The categorical value takes the numbers 1 to 10, so on the left side every value between 1 and 10 is possible as y.
I have two possible explaining variables. One is called Ra and the other one Bo. Both are on the same scale and also categorical between 1 and 10. I want to test now if Ra or Bo is a better predictor for y. I want to compare this relationship between two types of subjects, therefore I included a dummy variable prosocial. If prosocial =1 a person is a prosocial and if =0 its not.

My first attempt was to use a ordered probit model, with the oprobit command, but as far as I understand the model the coefficients do not give me the marginal effects and therefore not giving me any explanation if ra or bo is having a higher influence on the result of y.

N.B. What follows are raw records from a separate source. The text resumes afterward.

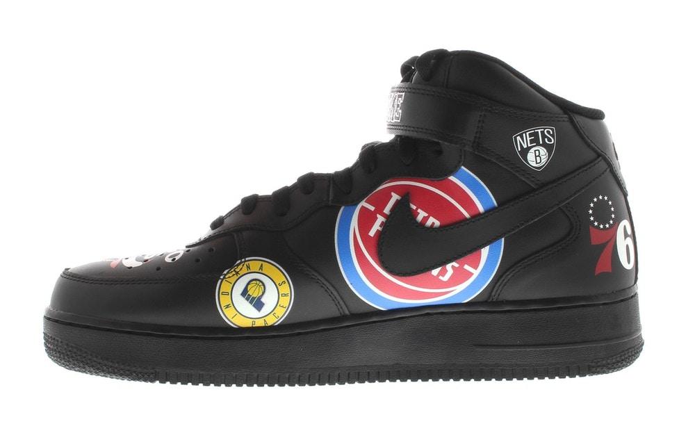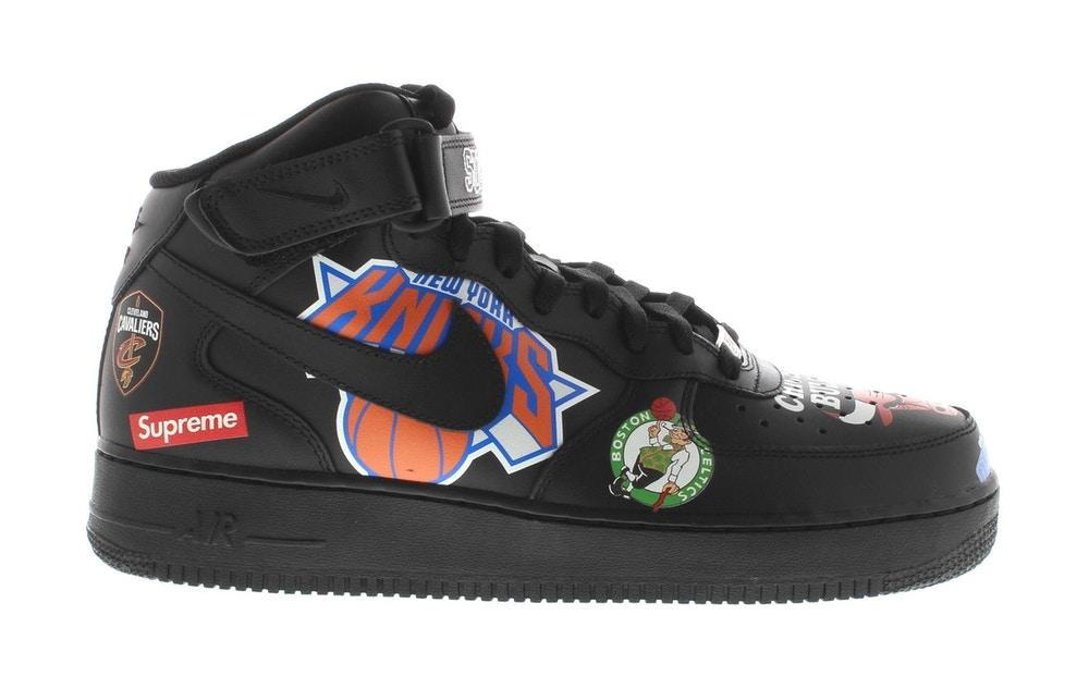 If you ever wanted to wear the equivalent of a #LeaguePassAlert on your feet, the Air Force 1 Mid Supreme NBA sneakers are finally here to answer your prayers. Supreme’s much anticipated collaboration with Nike and the NBA included these mid Air Force 1s in a white and black colorway. The mid-top shoes feature a leather upper and are highlighted with various NBA team emblems and Supreme branding throughout. The shoes dropped through Supreme’s website in March of 2018 and are sure to remain a popular item for fans of the best sport ever.
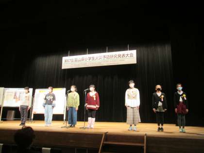 新庄小学校の代表として5年生7名が「富山県火災予防研究発表大会」に出場しました。教育文化会館には、富山県内13校の代表の子供たちが集まり、自分たちが活動した内容を発表しました。新庄小の5年生7人も、堂々と発表することができました。
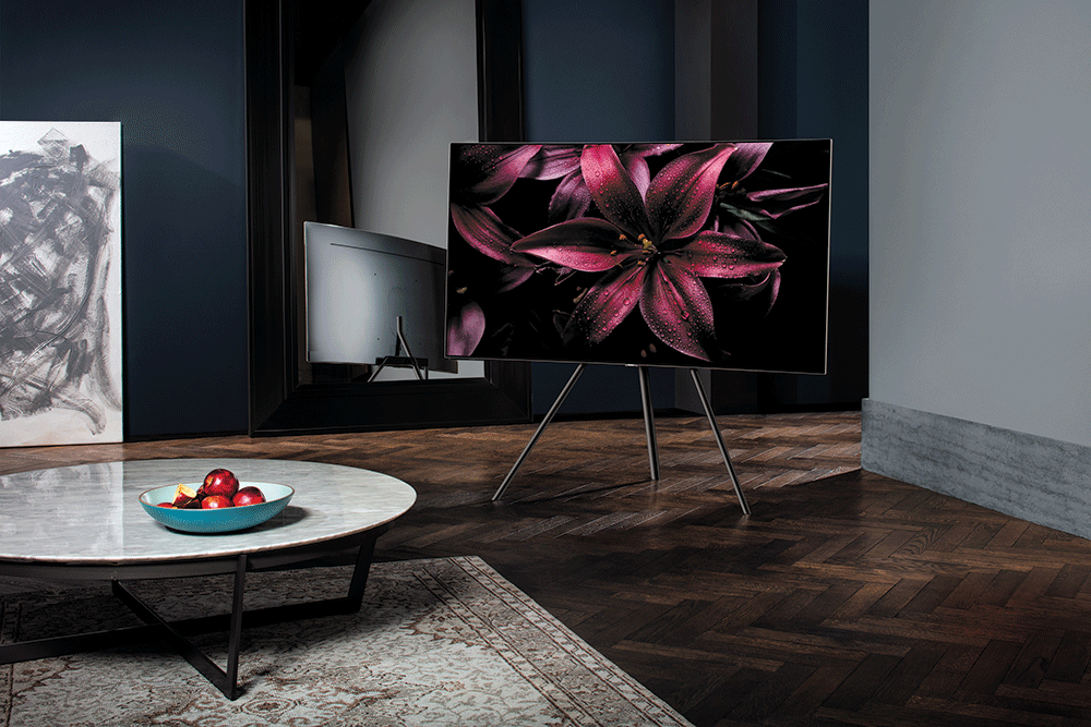 1) Q Style: ดีไซน์เรียบหรู ลงตัวทุกการจัดวาง ด้วยสายเชื่อมต่ออินวิซิเบิลคอนเนคชั่น (Invisible Connection) สายไฟเบอร์ออปติคที่รวมสายไฟฟ้าต่างๆ ที่เชื่อมต่อกับทีวีให้เป็นสายเดียว และขายึดผนัง No-Gap Wall Mount ที่สามารถติดทีวีได้แนบชิดไปกับผนังจนแทบไม่เหลือช่องว่าง เพื่อมุมมองบ้านอย่างลงตัวไร้ที่ติ หรือเพิ่มความสวยงามหรูหราด้วยขาตั้งรุ่นสตูดิโอสแตนด์ (Studio Stand) และรุ่นกราวิตี้สแตนด์ (Gravity Stand)

Can you help me, how can I specify the oprobit model to get the needed results?
Thanks a lot!
Tags: None
Carlo Lazzaro

Join Date: Apr 2014

Posts: 17712
#2

28 Feb 2015, 04:32

Rene:
your chances of getting helpful replies are conditional on posting what you typed and what Stata gave you back (as per FAQ).
Please, let us know some more details concerning your first try with -oprobit-. Thanks.

Kind regards,
Carlo
(Stata 19.0)
Comment
Mike Lacy

Join Date: Apr 2014

Posts: 2416
#3

28 Feb 2015, 08:08

A couple of questions and related comments:

1) You say that Ra and Bo are categorical, and your descriptions seems to imply that they are *ordered* categorical. An ordered regression model (probit, logit, etc.) will not enable you to treat these predictors as ordered. You would have to represent them as a set of indicator ("dummy") variables, ignoring their ordered character, or treat them as continuous, which is possibly undesirable. For a truly ordinal-ordinal measure of association, you might consider Somers' D, (-somersd-, at ssc), or polychoric correlation (-findit polychoric-). Neither will give you a marginal effect though.

2) You do not mention whether Ra and Bo are themselves associated. If they are, you would need to use the regression approach, since Somers' D is only a bivariate measure.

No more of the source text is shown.